The Planet Wreckers ★★ | Aliens want to destroy the earth in a literal disaster movie, and one wrong-place-wrong-time hero is the only one who can stop them. Oh yeah, there's another character too, but she's out of action most of the time (I guess at least she's not a damsel?). Halfway amusing idea and fun, pulpy writing, but fairly forgettable.

The Body Builders ★★★ | In the future, lots of people store their organic bodies away and remotely control synthetic ones via radio. An interestingly Sixties take on the "Ghost in the Shell" concept, with no "mind uploading" techno-mysticism and (because the Sixties) a boxing plot. That said, it makes sense even in the modern day when boxing has declined significantly in popularity, just because the technology enables it. Good stuff, marred slightly by a ridiculously cliched ending scene.

Cocoon ★★★★ | A surprisingly dark and nihilistic tale, that starts out as what seems like an broad satire of Sixties suburban television culture. The disaster that befalls our cocooned hero and necessitates his escape from the facility is anachronistic Sixties silliness, but it's still effective.

The Lawgiver ★★ | A predictable overpopulation/abortion-debate thriller that is interesting mostly for its historical place just before Roe v. Wade and just after The Population Bomb. Needless to say, the future came out just a bit more nuanced than the story portrays.

Thunderhead ★★½ | A Navy outpost lieutenant finally receives orders for a mission, twenty years after he assumed he was forgotten. Good in spots, but overlong and some of the dialogue (the kid, the commodore, the aliens) was just ridiculous, like low-grade Twilight Zone stereotypes.

Hybrid ★½ | Interesting idea but barely a plot and the narration for the tree was ponderous (even for a giant tree).

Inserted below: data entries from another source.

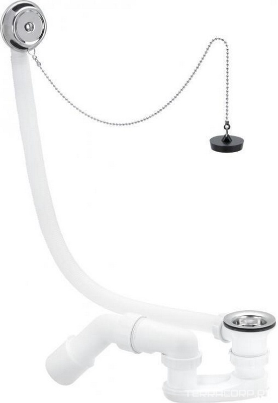 Сифон для ванны click/clack, плоский, с переливом и сеткой, гофра в компл.
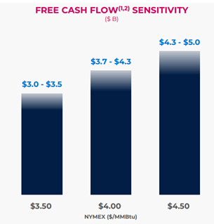 EQT forecasts $3.5 billion in 2026 free cash flow at recent strip pricing. Here is EQT’s forecasted free cash flow sensitivity guidance for 2026:
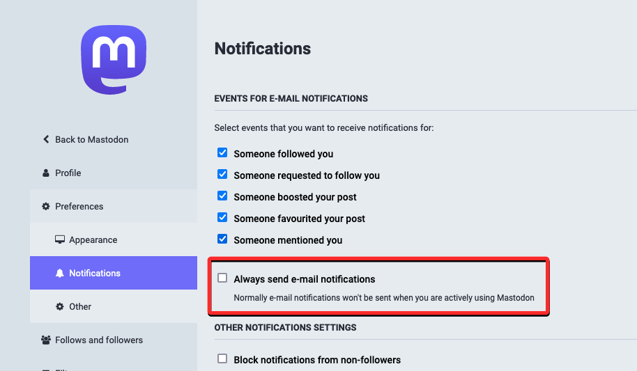 When you do that, Mastodon won’t send you emails when someone follows you, sends you a follow request, mentions you, favorites, or boosts your posts even when you’re inactive on the platform.
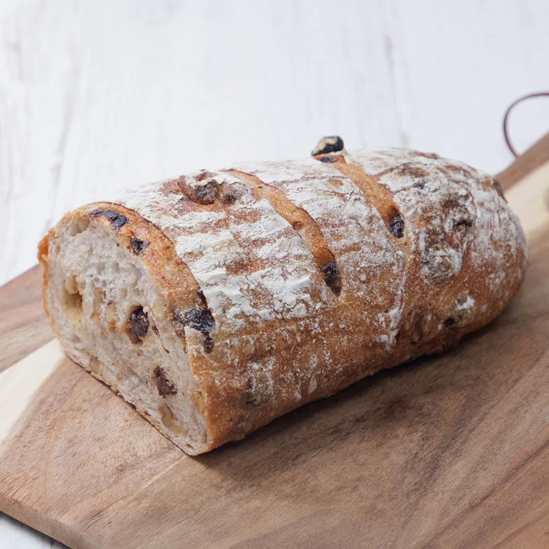 一週間じっくりラム酒に漬け込んだ大粒の厳選レーズンと、香ばしくローストしたくるみをたっぷりと使った、贅沢なハードブレッドです。
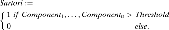 $$Sartori := \left\{ {\matrix{ 1 \hfill 	 \,\,{if\;Component_1 , \ldots ,Component_n> Threshold} \hfill \cr 0 \hfill 	 {else.} \hfill \cr } } \right.$$

Doorstep ★★ | A glory-crazed military commander mucks up a first-contact scenario. You get the sense that Laumer had some personal experience with arrogant upwardly-mobile senior officers during his time in the military... The actual story is fairly predictable, meanwhile.

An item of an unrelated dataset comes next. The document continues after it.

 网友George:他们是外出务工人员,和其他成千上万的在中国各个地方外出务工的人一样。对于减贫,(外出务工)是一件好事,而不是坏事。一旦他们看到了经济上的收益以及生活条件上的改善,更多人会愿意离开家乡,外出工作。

A Relic of War ★★★½ | The people of a backwater colony confront the military history of their giant rusted battle robot "mascot." Possibly the best-crafted story in the collection in terms of length-to-plot-to-characterization ratio. "Cocoon" edges it out slightly because of the dramatic tonal shift and nihilistic punch.

OVERALL : ★★½, rounded down to ★★. There are some good stories in here (I recommend "Cocoon," "A Relic of War," and to a lesser extent "The Body Builders") but as a collection, especially a "Best of" collection, I don't recommend it.